Last updated on February 2018

Levobupivacaine Prolonged Wound Infusion for Postoperative Pain Relief After Breast Surgery

Brief description of study

The aim of the study is to evaluate efficacy and safety of long term (14 days) wound infusion with levobupivacaine in patients with breast cancer undergoing mastectomy with immediate breast reconstruction: this is a double blind, randomized, parallel group study. The study moves from the concept that nociceptive stimulus last further than 48 hours after surgical intervention: long term analgesia is necessary to provide a real benefit to the patient and provide central sensitization. Intralesional catheter is placed at the end of surgery. In the first 24 postoperative hours we provide continuous wound infusion with levobupivacaine 0,25% 5ml/h with morphine Patient Controlled Analgesia (PCA) when NRS >4. From the second postoperative day morphine PCA is removed and patients are randomized to receive levobupivacaine 0,25% or saline, released with 5 ml boluses and lock-out of 2 hours, with rescue analgesia with tramadol 37,5 mg + acetaminophen 325 mg oral fix combination (Patrol). Intralesional catheter is taken off 14 days after surgical intervention or after 36 hours of non-use.

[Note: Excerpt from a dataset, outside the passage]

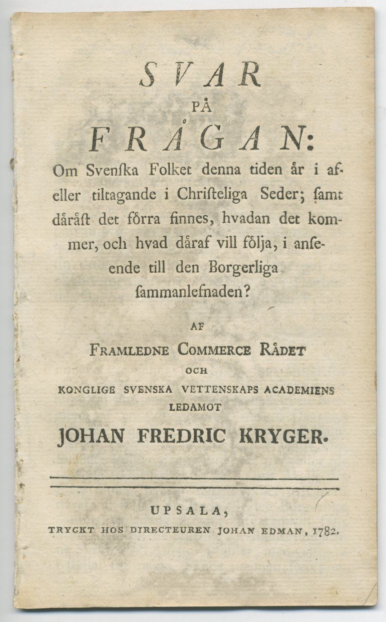 Svar på frågan: Om svenska folket denna tiden är i af- eller tilltagande i christeliga seder; samt däräst det förra finnes, hvadan det kommer, och hvad däraf vill följa, i anseende till den borgerliga sammanlefnaden?
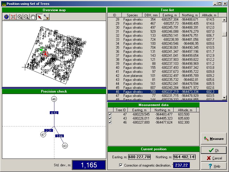 Positioning using trees is possible. It is not necessary to know the plot center during the repeated measurement. A user can select the trees that he is able to identify, Field-Map estimates his position and shows the result and precision of his position (standard deviation).

Pain evaluation (NRS at rest and movement) and oral rescue doses consumption are performed; pain physicians also care about any catheter-related or drug-related side effect, registering number of total boluses. Patients are provided with a home diary for pain scores to be filled and brought back when surgical visit is performed. A phone interview at 1 and 3 month is performed to investigate pain chronicization.

Surgical evaluation is provided, also to establish any catheter-related infective or healing complication.

Physiatric evaluation before the intervention and 1 and 3 months is provided to ensure rehabilitation process.

A validated questionnaire (short form 36/ SF-36) must be filled by all patients, to understand differences in return to a normal quality of life and to social activities between the two groups.